(INPUT DATA)

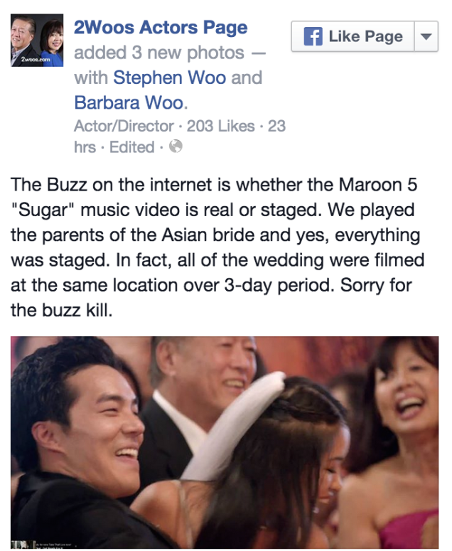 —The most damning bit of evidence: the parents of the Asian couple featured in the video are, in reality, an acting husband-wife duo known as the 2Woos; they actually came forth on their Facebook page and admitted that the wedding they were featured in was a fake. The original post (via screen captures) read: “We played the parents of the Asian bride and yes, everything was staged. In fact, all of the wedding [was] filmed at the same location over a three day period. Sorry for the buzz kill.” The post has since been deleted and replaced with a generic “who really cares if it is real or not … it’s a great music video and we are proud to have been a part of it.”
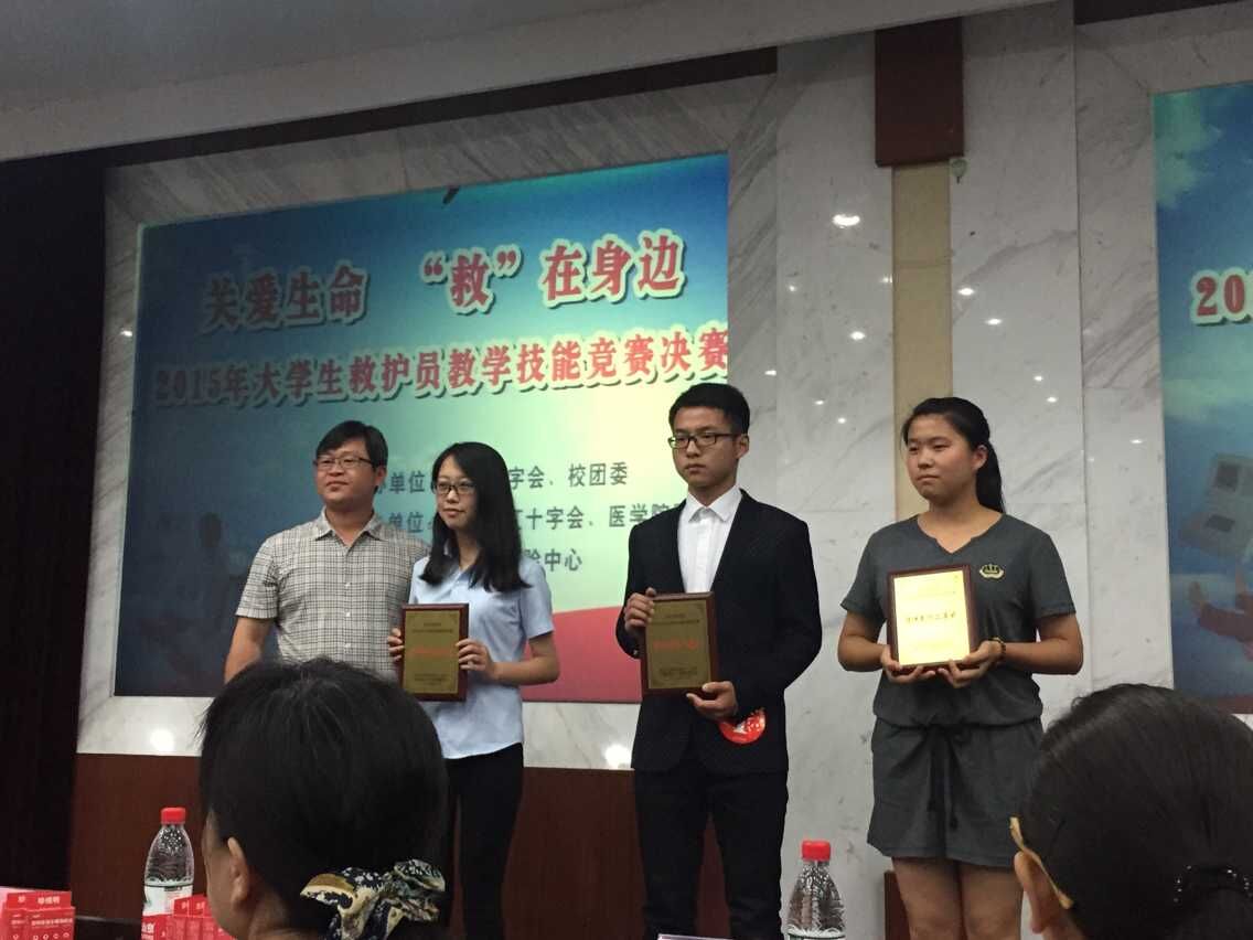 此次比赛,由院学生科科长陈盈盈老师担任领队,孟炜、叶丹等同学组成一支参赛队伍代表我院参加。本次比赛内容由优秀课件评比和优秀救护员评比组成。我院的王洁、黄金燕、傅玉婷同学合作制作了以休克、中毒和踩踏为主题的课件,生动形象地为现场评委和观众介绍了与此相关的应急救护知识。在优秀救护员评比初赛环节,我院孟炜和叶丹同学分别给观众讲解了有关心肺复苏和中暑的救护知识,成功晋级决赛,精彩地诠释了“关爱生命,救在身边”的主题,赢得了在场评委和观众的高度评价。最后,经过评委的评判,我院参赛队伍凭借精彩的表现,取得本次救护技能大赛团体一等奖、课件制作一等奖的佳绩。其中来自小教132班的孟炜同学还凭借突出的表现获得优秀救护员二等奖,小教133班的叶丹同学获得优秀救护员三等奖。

(End INPUT DATA)
(INPUT DATA)

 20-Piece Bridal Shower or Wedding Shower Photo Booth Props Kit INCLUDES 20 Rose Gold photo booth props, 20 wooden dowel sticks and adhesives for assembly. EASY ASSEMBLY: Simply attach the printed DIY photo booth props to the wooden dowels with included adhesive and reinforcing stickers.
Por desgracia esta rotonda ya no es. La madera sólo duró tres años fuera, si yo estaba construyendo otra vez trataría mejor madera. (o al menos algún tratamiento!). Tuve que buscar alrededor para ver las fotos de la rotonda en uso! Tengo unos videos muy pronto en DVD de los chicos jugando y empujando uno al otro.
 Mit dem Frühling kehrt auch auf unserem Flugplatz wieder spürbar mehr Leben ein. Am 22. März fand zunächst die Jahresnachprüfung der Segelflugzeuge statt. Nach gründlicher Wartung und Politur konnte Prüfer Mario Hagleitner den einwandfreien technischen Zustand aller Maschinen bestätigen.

(End INPUT DATA)

### WORK ITEM:
Begin with the line above that has "20-Piece Bridal Shower" and continue through the line that has "Mit dem Frühling", setting each one down exactly. Stop there.

### EXPECTED ANSWER:
 20-Piece Bridal Shower or Wedding Shower Photo Booth Props Kit INCLUDES 20 Rose Gold photo booth props, 20 wooden dowel sticks and adhesives for assembly. EASY ASSEMBLY: Simply attach the printed DIY photo booth props to the wooden dowels with included adhesive and reinforcing stickers.
Por desgracia esta rotonda ya no es. La madera sólo duró tres años fuera, si yo estaba construyendo otra vez trataría mejor madera. (o al menos algún tratamiento!). Tuve que buscar alrededor para ver las fotos de la rotonda en uso! Tengo unos videos muy pronto en DVD de los chicos jugando y empujando uno al otro.
 Mit dem Frühling kehrt auch auf unserem Flugplatz wieder spürbar mehr Leben ein. Am 22. März fand zunächst die Jahresnachprüfung der Segelflugzeuge statt. Nach gründlicher Wartung und Politur konnte Prüfer Mario Hagleitner den einwandfreien technischen Zustand aller Maschinen bestätigen.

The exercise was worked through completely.